Update December 24, 2020: This research is featured in a new Politico article, “Irradiated, Cheated and Now Infected: America’s Marshall Islanders Confront a COVID-19 Disaster.”

Original story:

Micronesian migrants in Hawaiʻi constitute a vulnerable ethnic population with limited access to health care, which lowers their medical utilization and raises their mortality rates.
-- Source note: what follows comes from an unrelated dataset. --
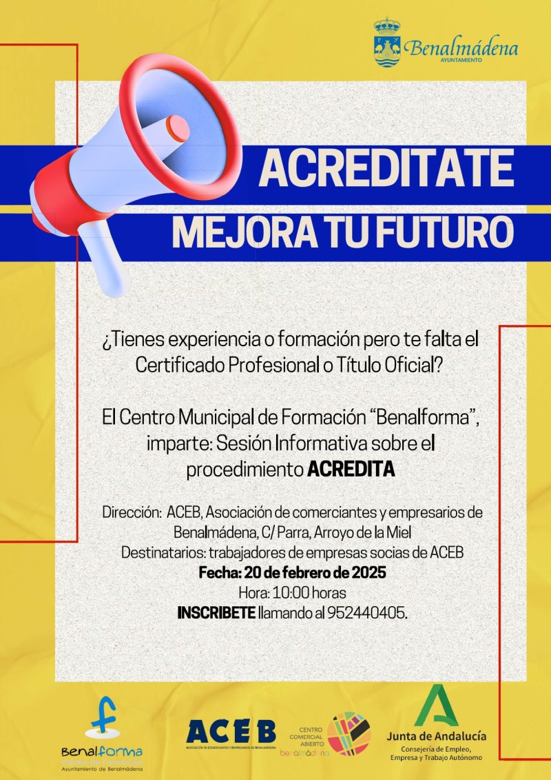 La sede de la Asociación de Comerciantes y Empresarios de Benalmádena (ACEB) y de la Asociación Centro Comercial Abierto de Benalmádena (ACCAB), acogerá el 20 de febrero, a las 10:00 horas, una sesión informativa sobre el procedimiento Acredita, ofrecida en colaboración con el Centro Municipal de Formación Benalforma.

Those are the findings of a research study by Tim Halliday and Teresa Molina, economics faculty in the College of Social Sciences at the University of Hawaiʻi at Mānoa, and Randall Akee, an associate professor in the Department of Public Policy and American Indian Studies at UCLA.

The paper, “The Mortality Effects of Reduced Medicaid Coverage Among International Migrants in Hawaii: 2012–2018,” was recently published in the American Journal of Public Health.

Medicaid is a federal and state program that helps with medical costs for people with limited income and resources.

In 2015, the State of Hawaiʻi transitioned migrants governed by the Compact of Free Association (COFA) treaties—the Federated States of Micronesia, and the Republics of the Marshall Islands and Palau—from its Medicaid program to a new system in which they were eligible for subsidies to purchase private insurance on Affordable Care Act exchanges.

After this change, Medicaid-funded hospitalizations of COFA migrants declined by 31 percent and emergency room visits dropped by 19 percent.

“Importantly, the decline in utilization affected the health of COFA migrants,” said Halliday. “Mortality rates were over 40 percent higher in 2018 than in the period prior to 2015, when COFA migrants were eligible for Medicaid.”